2 other executions, of Joseph Wood in Ohio and Dennis McGuire in Arizona, took longer than expected and the inmates were heard gasping.

"I think a lot of the questions about lethal injection will remain because I think states have an interest in not engaging in torture under their own state constitutions," Stubbs said. "And I fully expect that defendants will continue to challenge unconstitutional methods or methods that are torturous."

Stubbs said she hoped that states would stop using midazolam. If they do not, the country will see more botched executions, she said.

"There's no reason to have any confidence in midazolam working," she said. "And nothing the Supreme Court today says changes that."

The case was the 1st the Supreme Court has considered on lethal injections since 2008. At that time, it found that a 3-drug combination in which the barbituate sodium thiopental was the 1st to be injected was constitutional.

States have had trouble obtaining some of the drugs because manufacturers have refused to sell them for use in executions.

Most states used a 3-drug combination until 2009, but after shortages developed they turned to a variety of methods, according to the Death Penalty Information Center. 8 states, among them Texas, use a single dose of an anesthetic. 14 states have used pentobarbital and another 5 plan to use it; 9 states have used or plan to use compounding pharmacies as an alternative to manufacturers.
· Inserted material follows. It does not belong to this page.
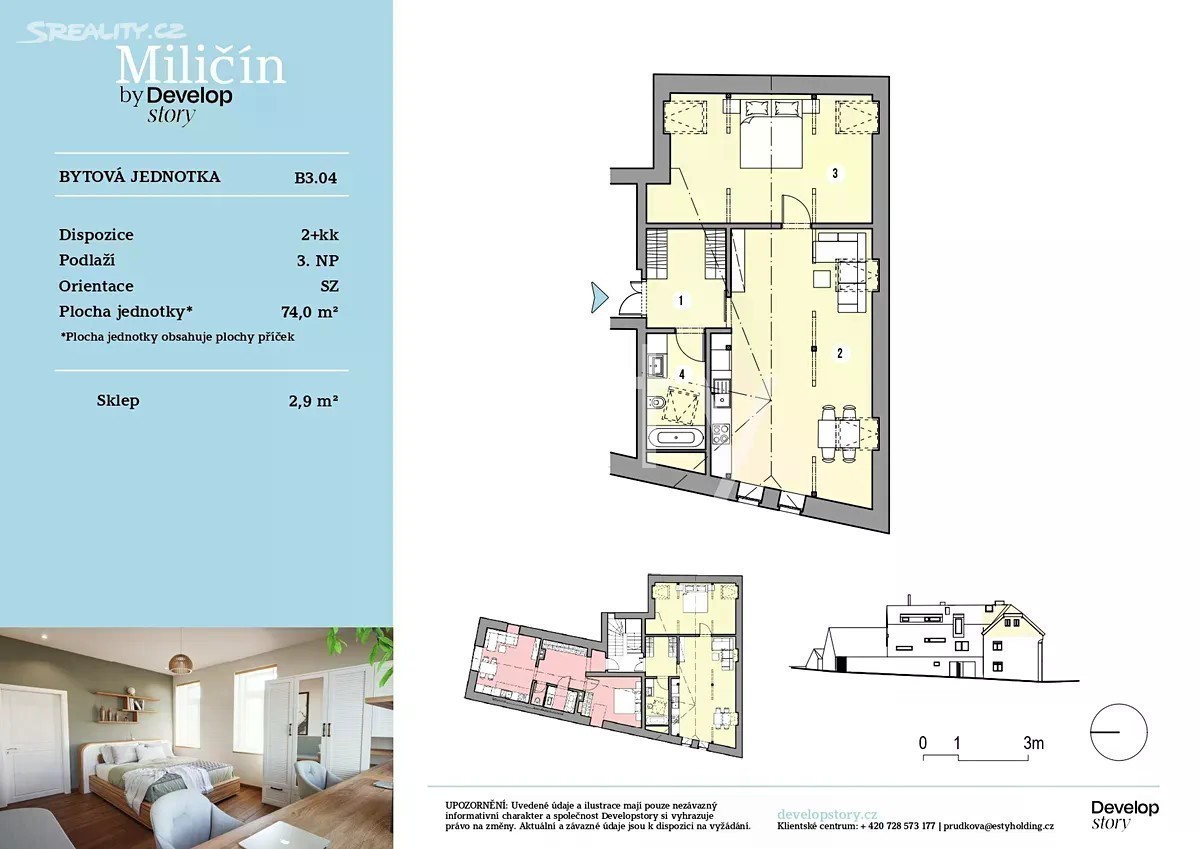 V srdci české sibiře Vám nabízíme byt 2+kk v nově vzniklém bytovém projektu ve městě Miličín, okres Benešov. Bytový dům vychází ze soudobé architektury okolního rázu a stávajícího objektu a je vytvořený v souladu s okolní tradiční zástavbou. V domě je k dispozici celkem 5 bytových jednotek o velikosti 3+kk a 2+kk ve 3 nadzemních podlažích s vlastním parkovacím stáním. Nabízená jednotka 2+kk se nachází ve 3NP. Skládá se z obývacího pokoje 20,09 m2, ložnice 13,96 m2, haly 11,74 m2 a koupelny 7,7m2. Okna jednotky jsou orientována JZ. Dům je cihlový, zateplený a má ve standardech plastová okna s dvojskly. Byt je vybaven kuchyňskou linkou, která na fotkách ještě nebyla hotová. Najdete zde vinylové podlahy, keramické obklady a dlažby, elektrické podlahové vytápění a ohřev vody slouží bojler. Město Miličín disponuje základní občanskou vybaveností. V městě je mateřská a základní škola, obchod, pošta a restaurační zařízení. Kompletní občanskou vybavenost najdete v 20 km vzdáleném Táboře nebo Benešově. Bližší informace o projektu najdete na webových stránkách Developstory projekt Miličín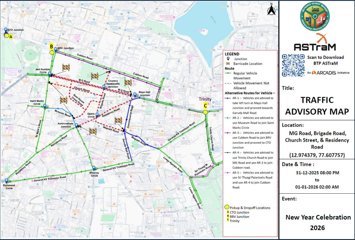 Even as Bengaluru gears up to ring in the New Year 2026, the city traffic police have issued several restrictions and diversions to streamline the massive crowd expected to participate in the New Year’s Eve revelry and avoid any untoward incidents.

A number of other states have looked at other ways to execute inmates - nitrogen gas asphyxiation in Oklahoma, the electric chair in Tennessee and a firing squad in Utah.

As for midazolam, Oklahoma, Florida, Ohio and Arizona have used it in 3- or 2-drug combinations, the Death Penalty Information Center says. Alabama, Arkansas, Louisiana and Virginia allow for midazolam, but have not used it.